These model security controls are necessary for baseline safety, but they operate largely without enterprise context and are typically opaque to independent or external validation. Enterprises often have limited visibility into how the controls are implemented or how they behave under edge conditions.
Within enterprise-level deployments, the AI model is only one component in a larger system that includes retrieval layers, connectors to enterprise data, identity and authorization signals, and tool invocation that can change state dramatically in downstream systems. The enterprise risk surface is dominated by these integrations and the surrounding AI system components. A well-aligned model can still be used unsafely if it is connected to the wrong data, if it is given excessive tool permissions, if policy enforcement is inconsistent, or if monitoring is insufficient to detect misuse.
This is where external runtime AI security controls (variously described as AI guardrails, AI firewalls, or AI protection systems) become essential. Runtime guardrails are specific, technical, real-time controls implemented outside of the model to enforce security policies and behavioral boundaries at the moment of application interaction where enterprise risk materializes. These controls observe and constrain AI behavior using system-level context, including user identity, data sensitivity, application state, and governance requirements. Runtime controls are where auditability, resilience, and accountability are introduced, forming the foundation of enterprise-grade AI security.
Model security reduces intrinsic model risk; runtime guardrails manage enterprise risk at the point of interaction.
Terminology varies across vendors and frameworks, but the practical point is simple: model security reduces intrinsic model risk; runtime guardrails manage enterprise risk at the point of interaction.
At the lowest level, model security safeguards can block malicious prompts, filter disallowed content, and enforce simple usage rules. These capabilities are necessary, but many high-impact enterprise AI failures do not stem from a lack of rules, but from a lack of context, resilience, and visibility.
For example, an AI system may comply with all defined content policies while still disclosing sensitive information through aggregation, inference, or inappropriate context blending. Similarly, a system may enforce correct rules under normal conditions but fail unpredictably under load, partial outages, or dependency failures.
Organizations consuming AI services face fundamentally different risks than those building custom models or training from scratch. Understanding the implementation scope determines which security controls are managed in-house versus which are managed by the provider
The implementation scope fundamentally determines the security obligations for the customer. Consumer AI applications place most security responsibilities with the provider – the organization focuses on governing how employees use those services. Enterprise applications increase the customer’s responsibility for identity integration and data governance while providers secure the underlying infrastructure. Pre-trained foundation models shift significant security responsibility to the organization, including prompt engineering, retrieval architecture, and comprehensive runtime controls. Finally, fine-tuned and self-trained models place nearly all security responsibilities on the customer, from training data curation through production monitoring and incident response.
This shared responsibility model reflects how cloud security already works.
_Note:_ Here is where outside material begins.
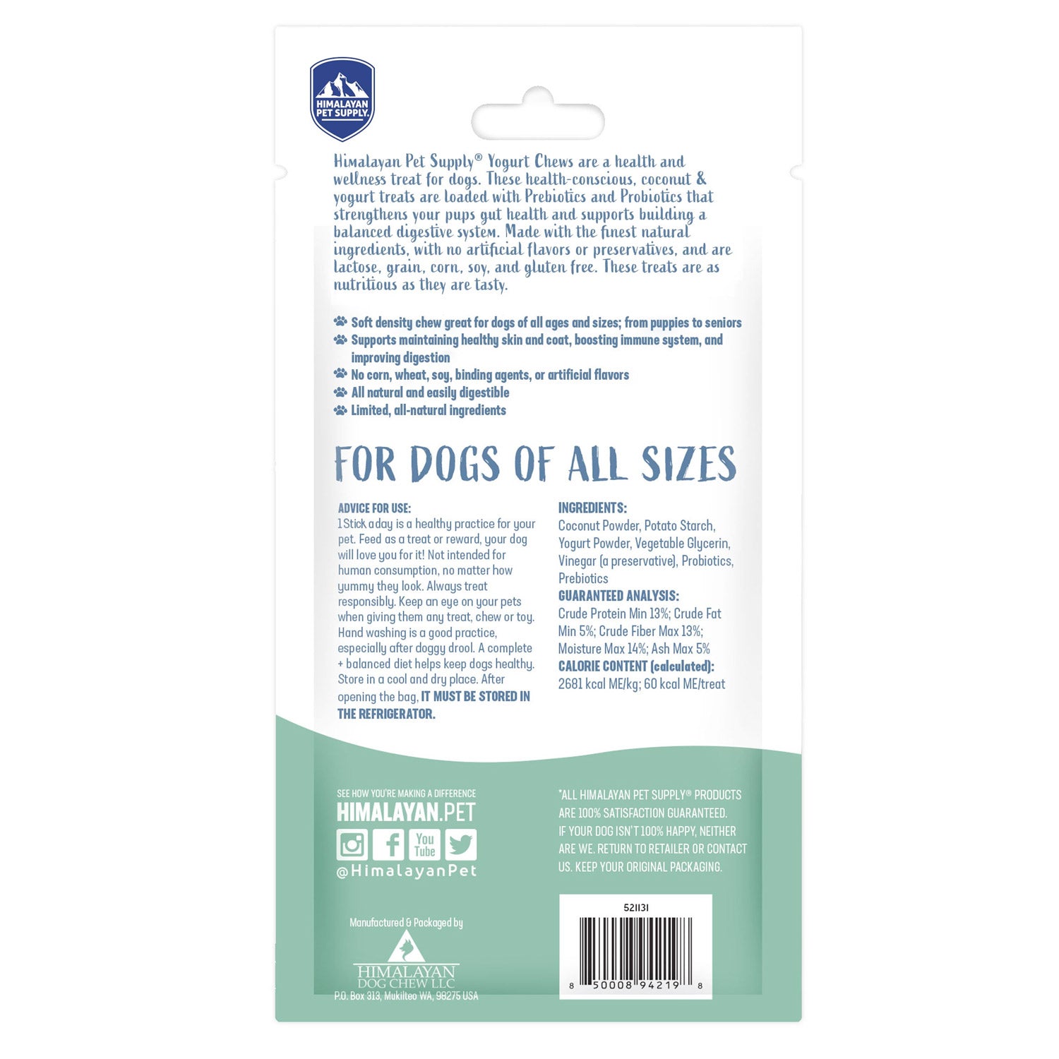Yogurt Sticks® are a health and wellness treat for dogs. These health-conscious coconut & yogurt treats are loaded with Prebiotics and Probiotics that strengthen your pup’s gut health and support building a balanced digestive system. They are made with the finest natural ingredients, no artificial flavors or preservatives, and are lactose, grain, corn, soy, and gluten-free. These treats are as nutritious as they are tasty. Ingredients: Coconut Powder, Potato Starch, Yogurt powder, Vegetable Glycerin, Vinegar (a preservative), Probiotics, Prebiotics Guaranteed Analysis: Crude Protein (Min) 13%; Crude Fat (Min) 5%; Crude Fiber (Max) 13%; Moisture Max (14%); Ash (Max) 5%

Before proceeding with AI security planning, it is vital that the implementation scope is clearly identified. This determines which security capabilities must be built internally, which are managed by the provider, and where collaborative oversight is required. Without a clear understanding and adoption of scope, organizations may either over-invest in controls the provider already manages or leave critical gaps unaddressed.
Traditional application security is built on assumptions of bounded input, predictable execution paths, and deterministic outcomes. AI systems violate and often break each of these assumptions. They accept unstructured natural-language input, generate non-deterministic responses, and often maintain context across multiple turns of conversation. Even where the surrounding application is well engineered, the model introduces probabilistic behavior that is difficult to handle using classic threat modeling alone.
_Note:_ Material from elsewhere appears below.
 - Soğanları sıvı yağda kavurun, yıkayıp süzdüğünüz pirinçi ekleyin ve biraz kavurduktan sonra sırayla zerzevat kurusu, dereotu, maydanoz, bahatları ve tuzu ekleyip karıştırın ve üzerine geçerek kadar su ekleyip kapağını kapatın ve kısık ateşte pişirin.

Modern AI deployments are also more complex than “prompt in, response out.” In real enterprises, AI systems are commonly connected to internal documents, databases, APIs, and external services. One common architecture is retrieval-augmented generation (RAG), where the model dynamically pulls in external content at runtime (such as policy documents, knowledge base articles, or customer records) in order to answer complex questions more accurately than the training data of the model alone would allow.
Many deployments will go still further, using autonomous or agent-based systems that can decide what steps to take next without direct human intervention or instruction. These AI agents determine their actions through interaction with external tools - programmatic interfaces that extend the AI's capabilities beyond text generation. Tools are discrete functions that allow AI systems to interact with external systems and perform actions, such as querying databases, calling REST APIs, executing code, accessing file systems, or invoking enterprise applications. Unlike retrieval-augmented generation (RAG), which pulls in contextual information to inform responses, tools enable AI systems to take action and change state in downstream systems.
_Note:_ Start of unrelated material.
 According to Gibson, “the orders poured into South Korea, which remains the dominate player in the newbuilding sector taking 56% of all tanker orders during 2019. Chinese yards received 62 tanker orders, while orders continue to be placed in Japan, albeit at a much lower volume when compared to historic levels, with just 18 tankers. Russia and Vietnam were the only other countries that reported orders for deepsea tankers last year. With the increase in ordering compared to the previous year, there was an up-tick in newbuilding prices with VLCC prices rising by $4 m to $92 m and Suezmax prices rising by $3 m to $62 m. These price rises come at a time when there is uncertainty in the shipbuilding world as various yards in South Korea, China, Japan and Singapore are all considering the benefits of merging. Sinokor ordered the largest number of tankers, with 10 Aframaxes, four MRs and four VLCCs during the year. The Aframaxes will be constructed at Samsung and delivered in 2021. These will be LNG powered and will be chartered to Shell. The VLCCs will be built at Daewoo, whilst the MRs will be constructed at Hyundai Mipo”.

Each tool represents a security boundary with its own permissions and “blast radius” - when an AI agent accesses a tool, it inherits the ability to perform any action that tool enables. While these capabilities increase efficiency and scale, they expand the attack surface in ways that are unfamiliar to many security teams and difficult to govern using traditional controls.
There is an old saying: “there is nothing new under the sun.” That applies equally to security threats as it does anything else in life, and that means that AI security engineers need to be just as cognizant of older attack surfaces such as buffer overflows and network-level evasions as they are AI-specific ones. At the same time, it is clear that threats to AI systems extend way beyond classic exploits.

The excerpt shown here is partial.